I took a deep breath and stepped back. "Come on in."

April's eyes scanned my face for a long second before she moved forward, and I could see the questions there.

I was at war with myself. I was angry—she hadn't been honest with me, right? But just seeing her face made it somewhat clear that maybe I’d jumped to conclusions a little bit. I’d been hurt before—by so many people who'd stuck close when they knew I had things to give them, when being close to me meant getting things for themselves, but who had fallen away like ants jumping from a sinking stick when they'd realized I was no longer on the way up. It had been painful, because I’d been too self-absorbed to consider who the people around me were before that. I’d been a star, and even I hadn't been able to see past the trappings of that for a long time.

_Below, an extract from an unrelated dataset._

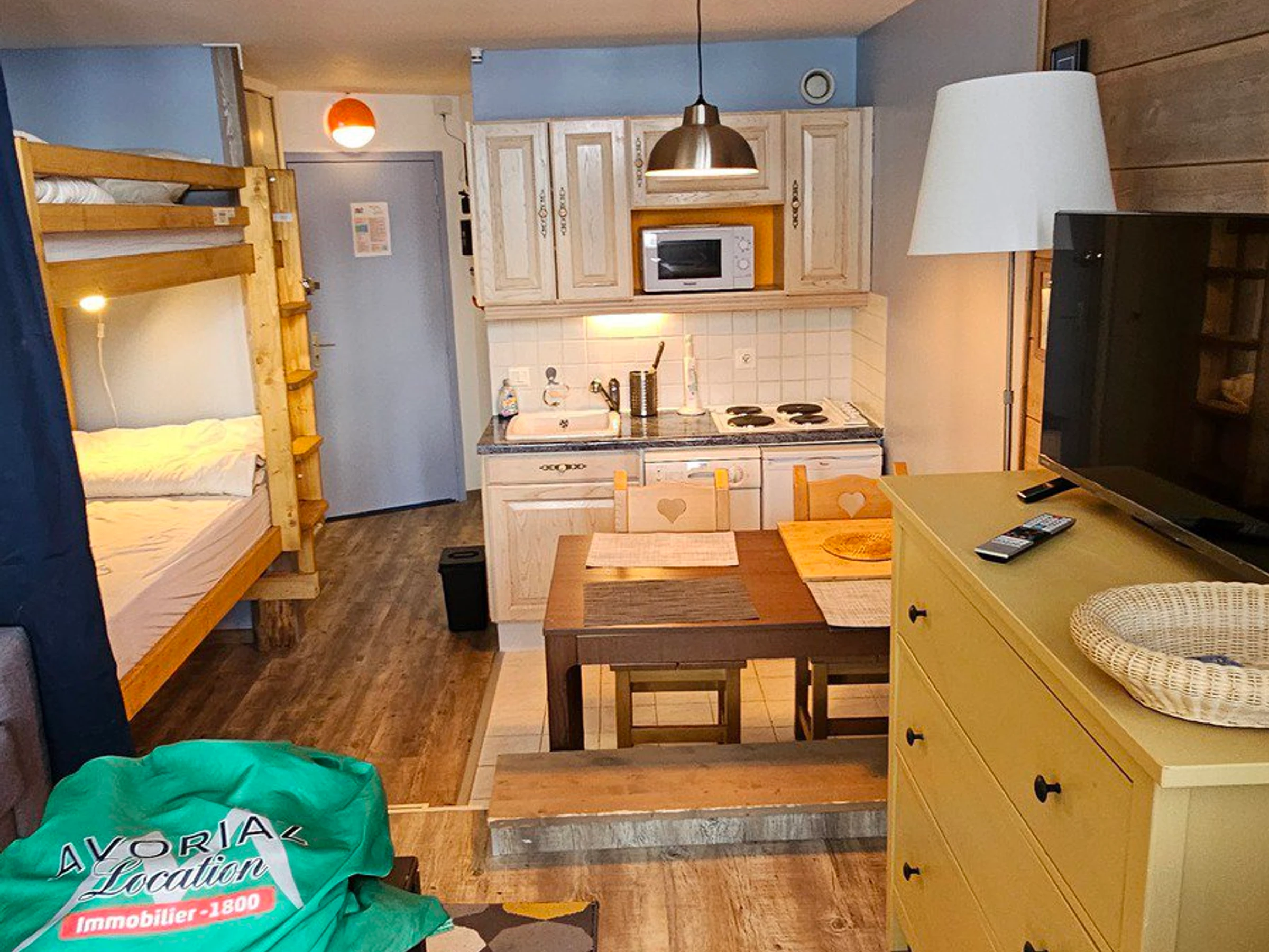 Schlafecke: mit einem Etagenbett für 2 Personen (80 cm) und Bettdecken.

And when I’d fallen—literally and figuratively, it became apparent that the world I’d built was flimsy and fragile. And in the fallout, I hadn't been able to determine what was real from the construction I’d lived in for so long. I’d fractured any real relationships—like those with my teammates on the Sharks—in the process. And then I’d been alone.

Was I blindly slashing at the real connections in my life again in my anger?

The crew moved in behind her, and April stared down at a clipboard in her hand. "We'll start in the parlor where the big tree is, if that's all right." She looked up at me from beneath her dark lashes, shy around me now. Tentative.

Every cell in my body screamed at me when she looked at me that way. I wanted to simultaneously comfort her and fall on her, pounding her into the wall with my cock until she screamed my name. Instead, I nodded. "Sure."

I stood by as April directed the crew, and I ended up following them around the house as they filmed, wishing April would stop and talk to me, wishing I hadn't been so aggressively short via text the night before. As she directed shots, answering questions from the two guys with cameras, April barely looked at me, and she didn't speak to me at all.

She didn't ask me to be on camera. She didn't mention the new contract. She was professional, efficient, and so beautiful it made my bones ache beneath my skin with the want of touching her.

As they got close to the end, the cameramen trudging out into the light snow covering the lawn out back to shoot some of the yard and the river, I caught her wrist in my hand. "Hey," I said, realizing that when she left my house today it might be the last time I ever saw her if I didn't figure out a way to make things right.

April stared at the place where my fingers circled her arm, and then her eyes slid up to mine, lingering there for a long moment. "Please let me go," she said. And I sensed that she meant more than that I should release her hand.

"April," I said, still holding on. "We need to talk."